Postgres is used by the Store microservice to store assistants, skills, and workspaces. If PostgreSQL and the Store microservice are running, even if nothing else is working, you can export your skills from the product and save them.

During installation, the Postgres database is created. The Store microstore user is also created. You can specify the name of the database, the name of the user, and a corresponding password if you want by overriding configuration settings in the values.yaml configuration file.

The following table lists the configuration settings that are used by the Store microservice to connect to the PostgresSQL and for PostgreSQL initialization at installation time.

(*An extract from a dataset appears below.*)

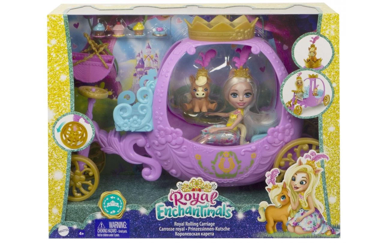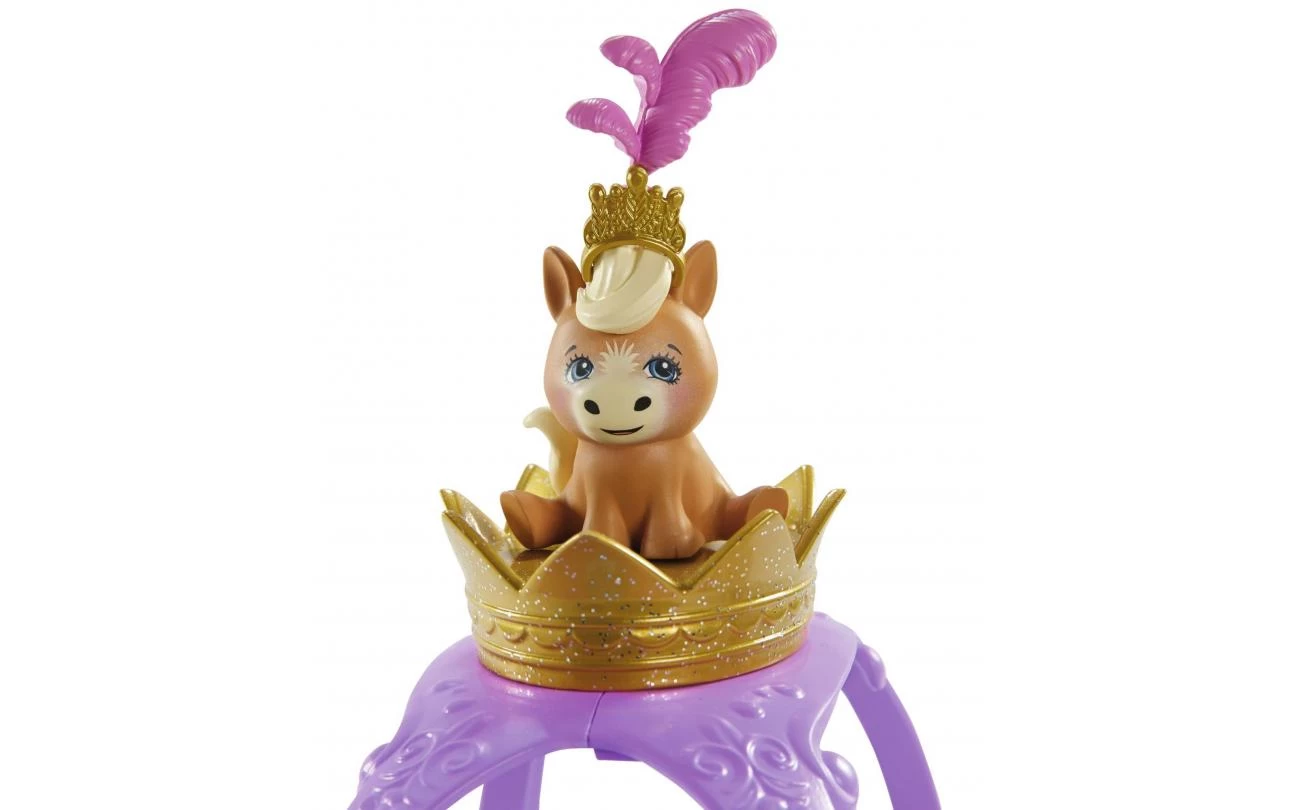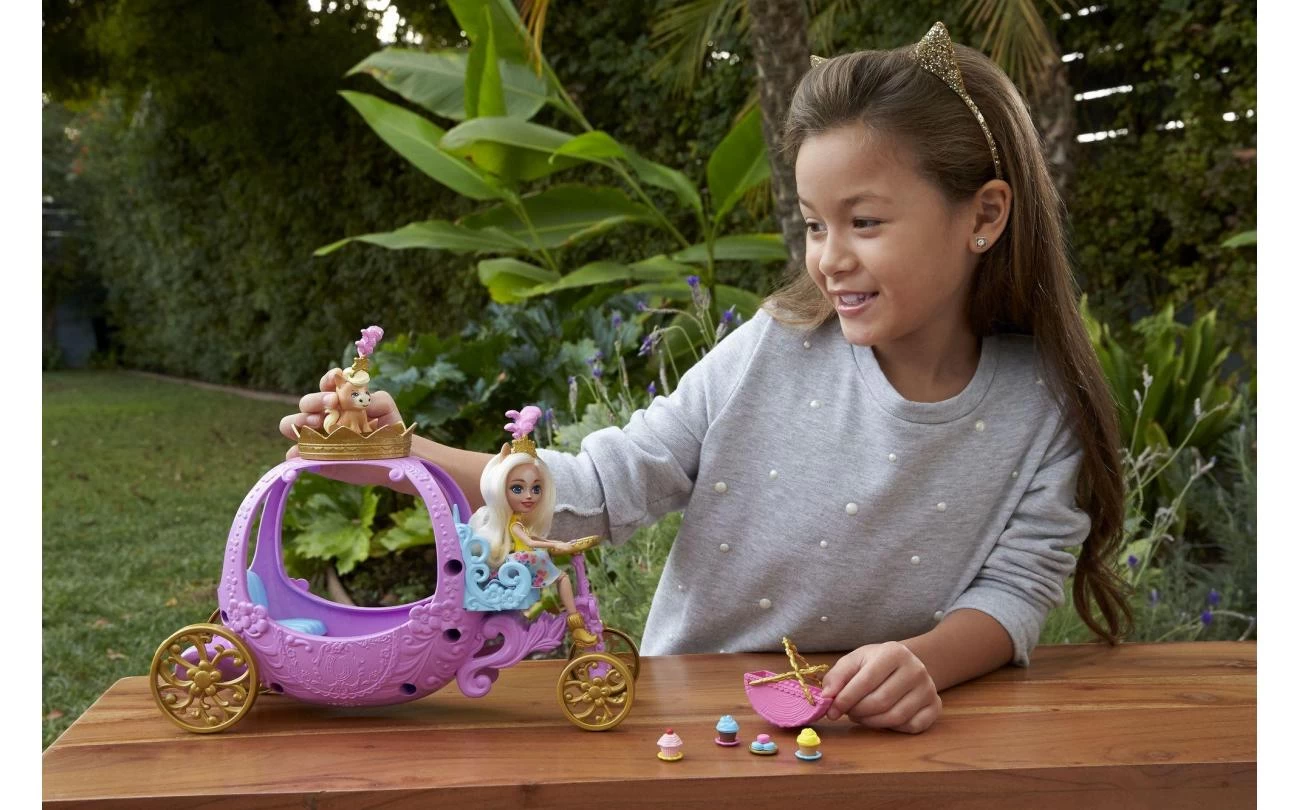 Maak een ritje door de wereld van Enchantimals met Peola Pony en haar koninklijke prinsessenkoets! De koets staat klaar voor koninklijke avonturen. Met meer dan genoeg zitruimte op de bok, in de koets en zelfs boven op de koets kun je een ritje maken door de stad om andere Enchantimals vriendjes op te halen. Geef ‘m een zetje en de pret kan beginnen!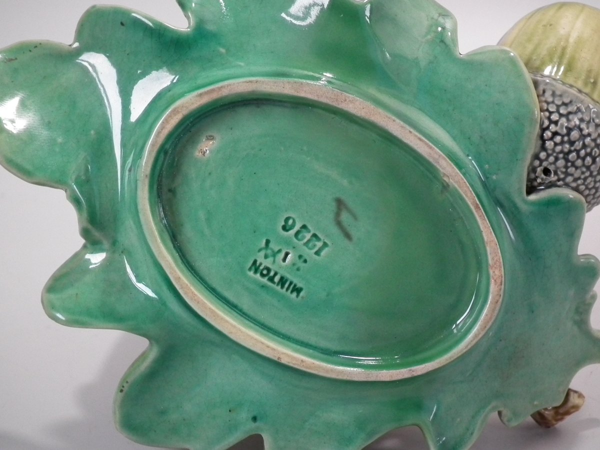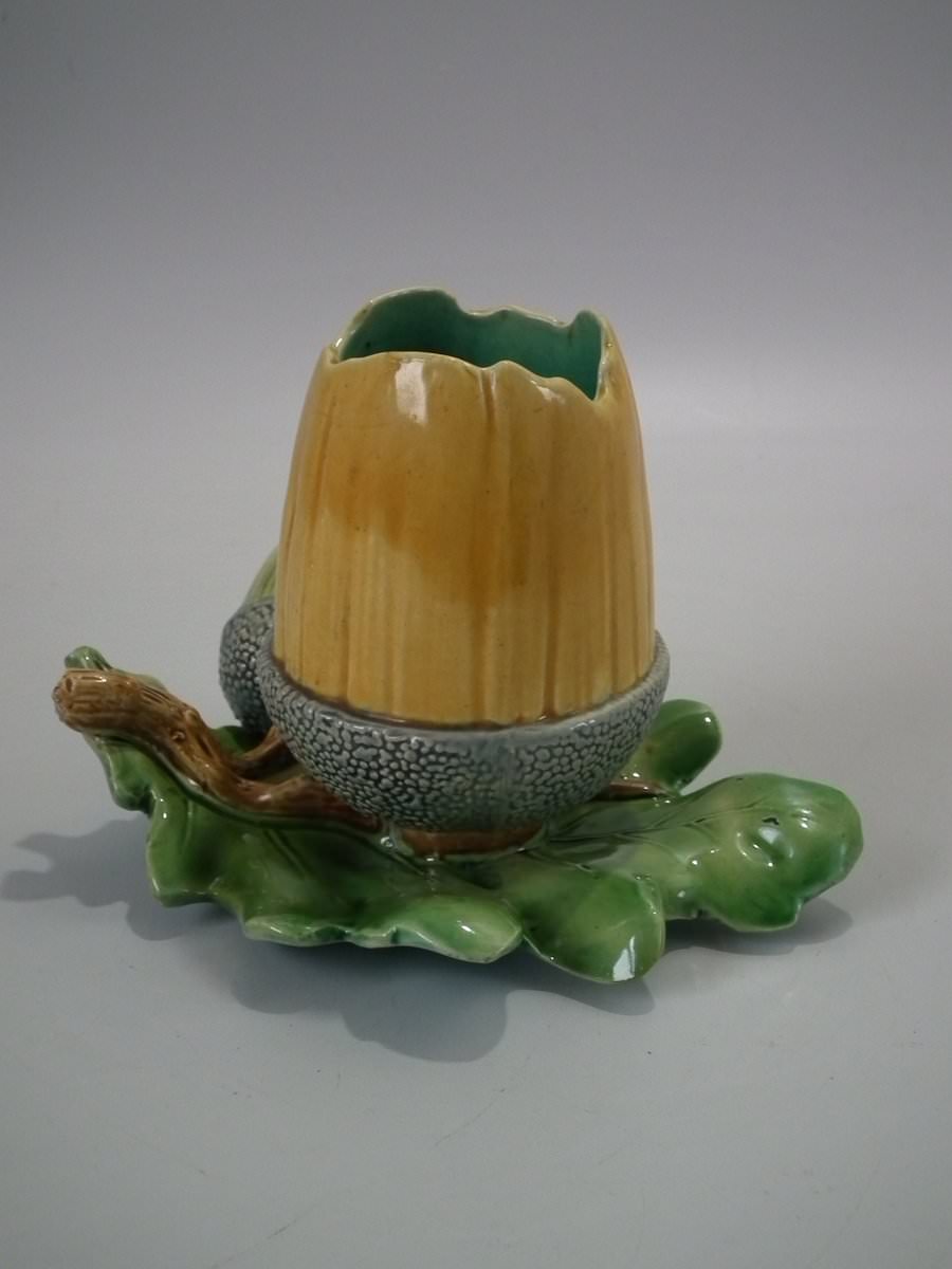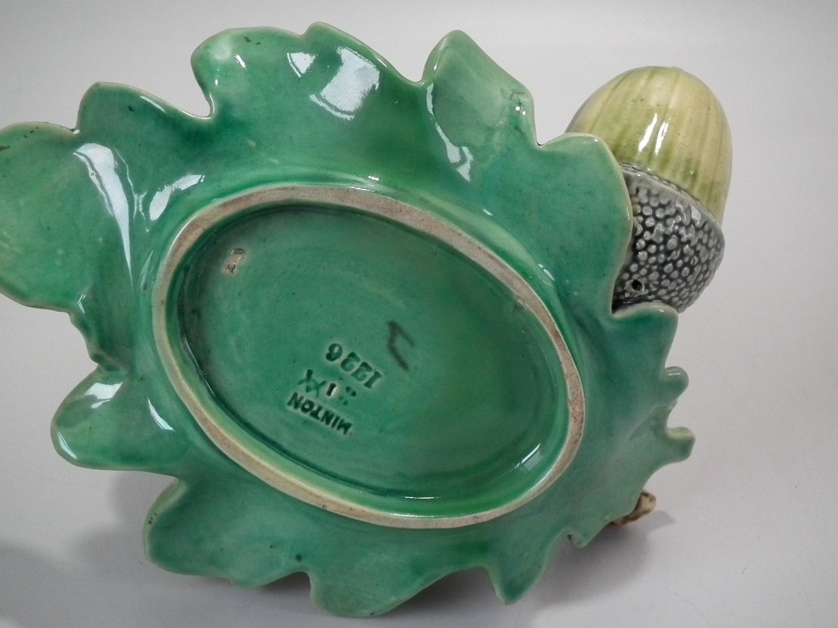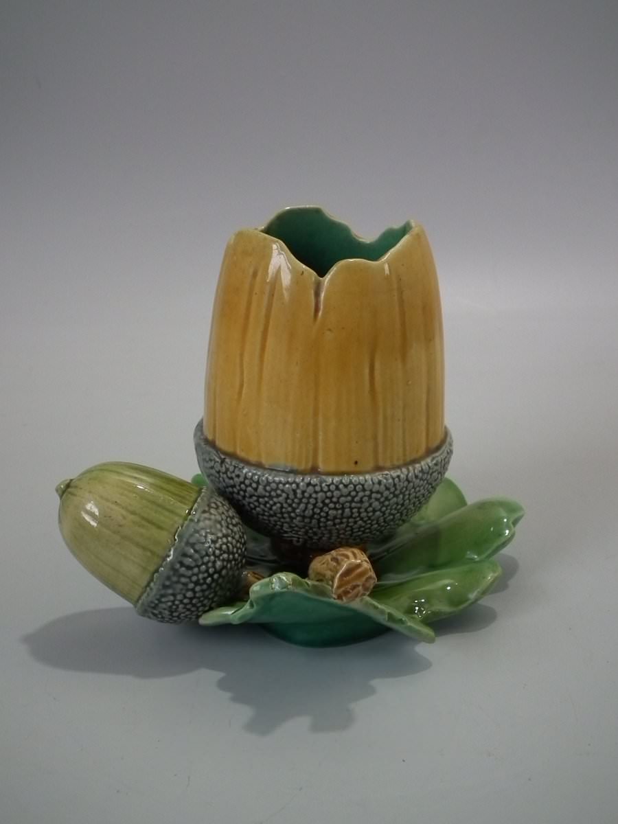 Victorian, circa 1867. 4.9ins high, 6.3ins wide, 5.7ins depth. Minton Majolica vase which features acorns & oak leaves.

Postrgres datasource configuration settings
Configuration setting name Description Default value
global.postgres.store.auth.user Username that is used by the Store microservice store_icp_${release-name}
global.postgres.store.auth.authSecretName Name of the kubernetes secret with password for the Store user. The default value is null because a password is randomly generated. null
global.postgres.store.database Name of the database that is used by the Store microservice conversation_icp_${release-name}

Model mesh

The TAS and ED-MM microservices use a model-mesh pattern. In model mesh, each pod contains a set of loaded NLP models. Managing where models are loaded is handled by a model-mesh library. During normal operations, the model is loaded in one pod only. If traffic to the model cannot be handled by a single pod, the model is loaded into other pods also. The metadata about where the models are loaded is stored in Etcd.

TAS and ED-MM belong to separate model-mesh groups. Each group has an independent set of pods and loaded models.

Here's how model mesh functions in the ED-MM microservice pod group. For the ED-MM microservice, you might have two pods, A and B. A gRPS request for help with contextual entity recognition is received through Kubernetes DNS. The request goes to pod A, but the contextual entity model that is needed is loaded in pod B. The model mesh on pod A forwards the request to pod B by using LiteLinks. Pod B uses the appropriate model to identify contextual entities in the input, and then sends a response to pod A. Pod A sends the information in a response back to the service that sent the initial gRPC request.

Model mesh functions in the same way for the TAS microservice. The difference is that incoming requests to TAS are sent by using LiteLinks and not gRPC. As a result, the NLU and Master microservices have no way of knowing which models are loaded in which TAS pods.